A column by Olympian and national rower Aisyah Gala
I just got off the bike.
Another two hours on the stationary bike done and dusted. I have been cycling either on the stationary bike or on my road bike on a wind trainer almost everyday for seven weeks now, since I dislocated my shoulder. Sometimes, I’d cycle twice a day.
Sitting on the stationary bike is absolutely mundane but I won’t bore you with my daily rant about having to sit on the bike. I realised that this injury, as annoying and frustrating as it is, has taught me valuable lessons that I might not have been able to grasp if not for it.
Being out of the boat means that I train on my own almost all the time now. That means no training partners to push me, no coach to give me feedback on my technique and no one to keep track of my speed and cadence. Easily, I can choose to tell myself that I’m too tired or too lazy to train and skipping one session won’t kill me and no one will ever know about it. But I haven’t skipped any training because I can’t seem to find a good enough excuse that I can use to miss training.
Having the bike set up on the wind trainer in my bedroom, literally seconds away from my bed, means that I still can train even if there’s a natural disaster going on outside my room. Furthermore, this is the first thing that I see hanging on my wall when I open my eyes every morning:
There have been plenty (oh God yes, many) of days where I drag myself out of bed to sit on the bike. I would whine and even cry and hate life for being so cruel for making me do this, but after getting a grip on myself and (most importantly) after posting an Instagram/Facebook update on how much I hate cycling, I would wipe my tears, put on my cycling gear and train.
What I’ve learnt in these seven weeks or so of doing almost nothing else but cycling is that, sometimes you can’t always do what you love but you have to do what you hate to really appreciate the moments when you get to do what you love. Sounds complicated, but not really. Just think of it this way- sometimes you just have to shut up and do it because that’s the only thing you can do.
Control the controllables.
I hear this phrase way too many times but it makes so much sense! Spending all these hours being angry that I’m injured isn’t doing good to me at all so might as well I spend these moments being grateful that it’s just a shoulder dislocation and not a fracture or a broken bone which would take longer to heal.
I can’t control what has happened but I know that cycling will help me make my legs stronger. I can’t control how fast my shoulder will heal but I can control how much effort I put in to my sessions. BUT I can control how I approach my trainings- whether I choose to sit on the bike and dread my next few hours on it or tell myself that this session is going to be awesome.
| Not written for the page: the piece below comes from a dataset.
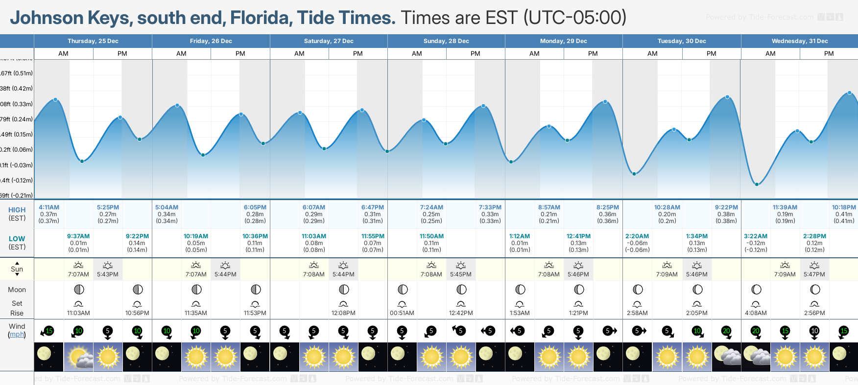 Tide Times for Johnson Keys, south end (tomorrow): Wednesday 24 December 2025
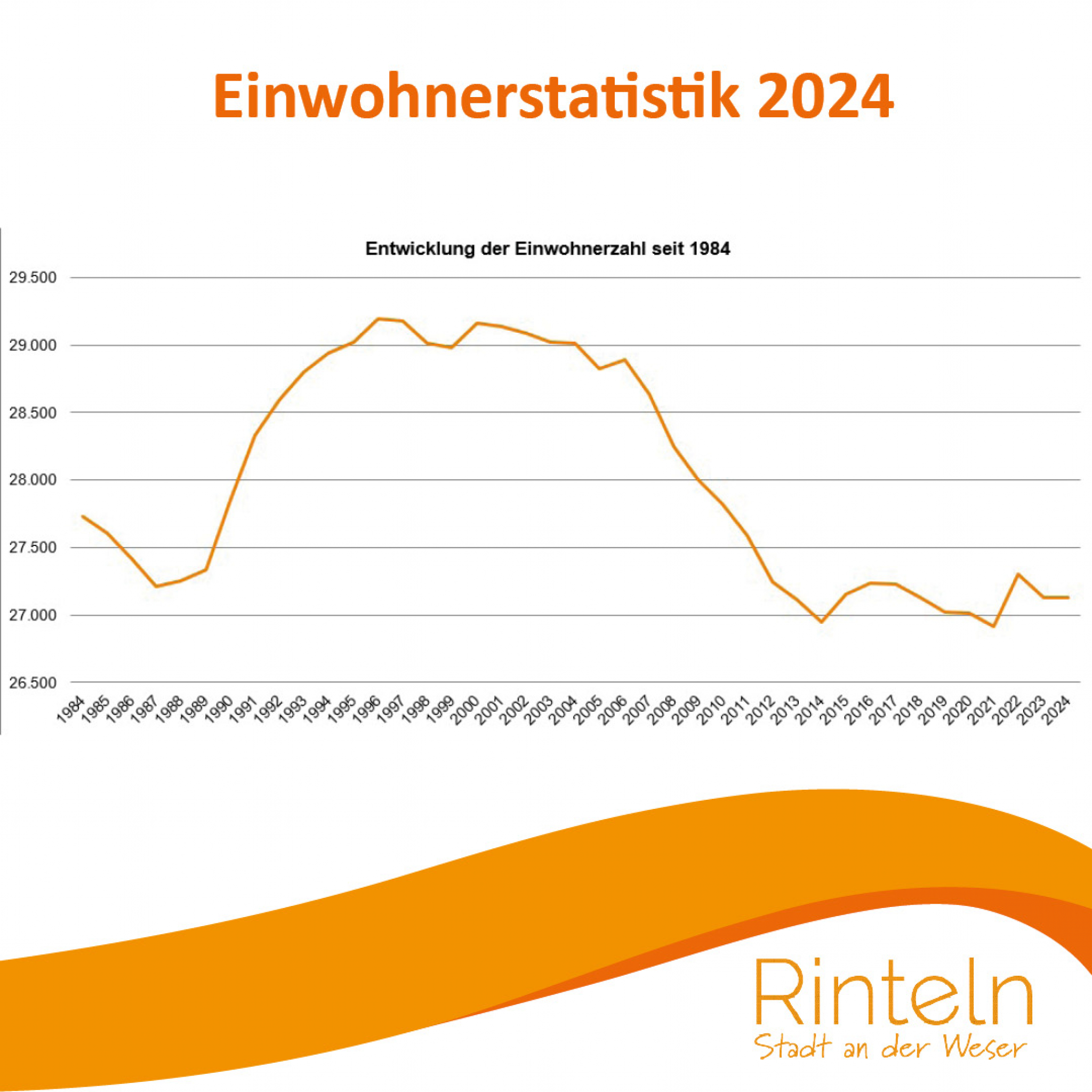 Aus den Zahlen des städtischen Einwohnermeldeamtes geht hervor, dass zum Stichtag 31.12.2024 in der Stadt Rinteln 27.127 Einwohnerinnen und Einwohner mit Haupt- und Nebenwohnsitz gemeldet waren. Gegenüber dem Bestandsjahr 2023 ist die Einwohnerzahl um gut 0,02 % gesunken.

When I’m in control of things in my life, I feel better.
I have learnt to be utterly, painstakingly patient. It has been a crazy emotional roller-coaster ride for me. One day, I would feel like I’ve been thrown to the deepest depths of misery and disappointment and the next day, I would feel like I’m on the top of the world.
When I find myself going into this dark place and having dark thoughts like, “I’ve wasted all these weeks doing nothing” I would quickly snap myself out of this and look for the light. Optimism and happiness are found to aid in the healing process. So hey, chin up and smile!
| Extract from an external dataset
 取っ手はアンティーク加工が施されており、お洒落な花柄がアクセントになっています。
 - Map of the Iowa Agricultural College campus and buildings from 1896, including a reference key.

Maybe my body is telling me to have a break before something actually falls apart and breaks. Maybe being out of the boat will make me hungry once I get back on water. You don’t have to be an elite athlete to get injured because it can happen to anyone. And it sucks. It totally sucks to be injured because you feel absolutely useless. I know the feeling.
But here’s the thing- you can either see the injury as something that drags you down or you can take it as a challenge that will help you grow and propel you forward. I cannot insist more on changing how we should look at things.
Our thoughts will determine our future. If I have to come up with a list of how to make the best out of getting injured, here it is:
1. Be grateful that whatever happened to you, you’re still alive. It could have been worse.
2. Ask a reliable medical professional for advice on your recovery timeline. If it means having to miss the upcoming race/event, then accept it and move on. There’s always another one to sign up for.
3. Talk to other patients who have been through the same injury. This helped me a lot on what to expect after my ACL reconstruction and it made me mentally prepared for it.
4. Be hardworking and diligent on the recovery process. Rehab sucks and is boring as hell but it is important. Also, listen to your body.
5. Be absolutely patient- so patient that the Tibetan monks will be so proud of you. Know that eventually, everything will be okay.
6. Eat good food that aids in the recovery process. For example, avocado contains omega-3 fatty acids that enhances wound healing and reduces inflammation. Make Google your best friend and be open to learning. Make use of this time to become smarter so you can show off these knowledge gained to your friends in the future.
7. Stay positive. Accept it that you’re injured and stop feeling sad or angry or disappointed or miserable because there are so many other reasons to be happy about. (Like making your sibling bring food to your bed if you happened to be bedridden because of your injury.)
Also, think about it this way- the happier you are, the faster you’ll heal.
“Above all else, we’ll see that champions take pride in comebacks, relishing the opportunity to come back stronger.”
-Jim Afremow, The Champion’s Comeback.